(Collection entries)

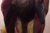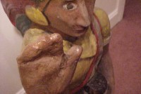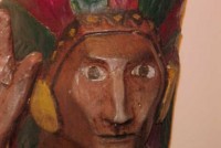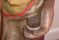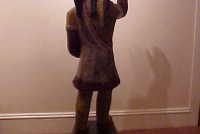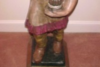 Papier mache cigar store advertising indian. Measures 54″ tall and the base is 15″ x 15″ square. Completely restored. Made from a composite of plaster, horse hair and paper. A cigar smokers dream…………..
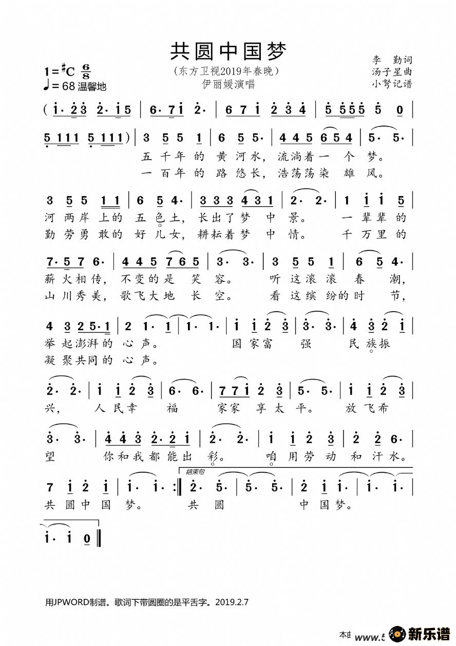 伊丽媛演唱的共圆中国梦歌词,共圆中国梦最新曲谱.
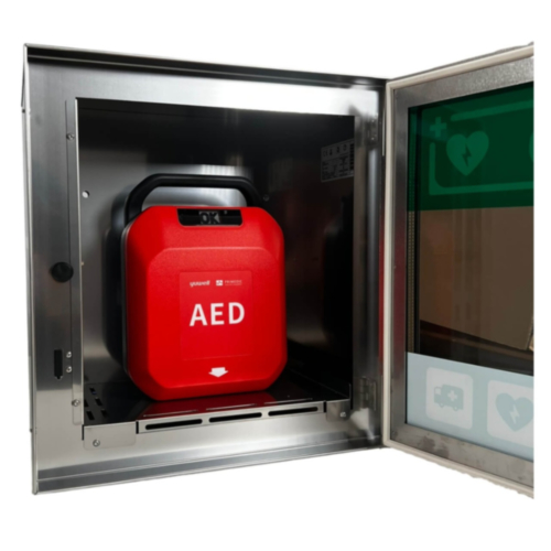 Den iögonfallande ILCOR-gröna färgen och den internationella hjärtstartarsymbolen gör skåpet lätt att hitta, även på avstånd. LED-belysning på insidan säkerställer god sikt både dag och natt, vilket sparar värdefull tid vid hjärtstopp.
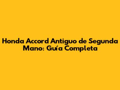 Honda Accord Antiguo De Segunda Mano: Guía Completa
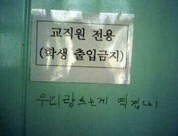 공개된 사진에는 '교직원 전용(학생 출입금지)라는 문구가 쓰여져 있는 메모판이 있다. 이 메모판을 본 학생은 기분이 나빴는지 그 밑에 '우리랑 쓰는게 역겹냐?'라는 글로 댓글을 달아 보는 이의 웃음을 자아냈다.
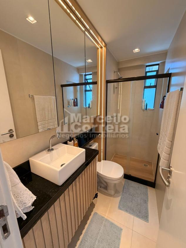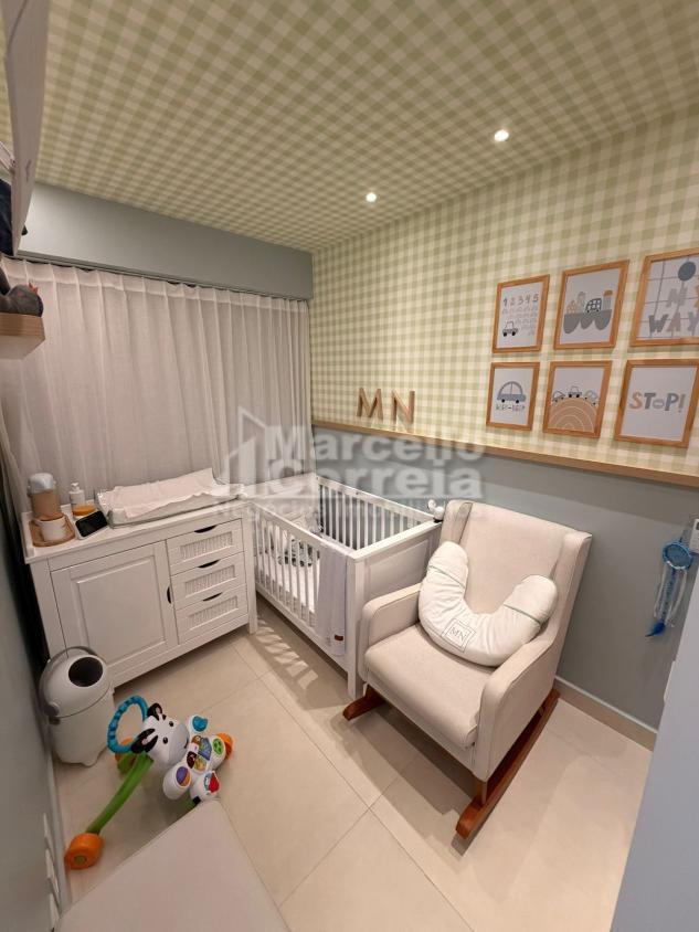 Apartamento de 94m² 3 quartos sendo 1 suíte com closet, 1 banheiro social, banheiro de serviço.

AIM OF THE EXERCISE :: All lines between the one that contains "伊丽媛演唱的共圆中国梦歌词,共圆中国梦最新曲谱." and the end of the records above, both included, are to be returned exactly as they stand, except for pictures, which are omitted.

RESULT BELOW ::
 伊丽媛演唱的共圆中国梦歌词,共圆中国梦最新曲谱.
 Den iögonfallande ILCOR-gröna färgen och den internationella hjärtstartarsymbolen gör skåpet lätt att hitta, även på avstånd. LED-belysning på insidan säkerställer god sikt både dag och natt, vilket sparar värdefull tid vid hjärtstopp.
 Honda Accord Antiguo De Segunda Mano: Guía Completa
 공개된 사진에는 '교직원 전용(학생 출입금지)라는 문구가 쓰여져 있는 메모판이 있다. 이 메모판을 본 학생은 기분이 나빴는지 그 밑에 '우리랑 쓰는게 역겹냐?'라는 글로 댓글을 달아 보는 이의 웃음을 자아냈다.
 Apartamento de 94m² 3 quartos sendo 1 suíte com closet, 1 banheiro social, banheiro de serviço.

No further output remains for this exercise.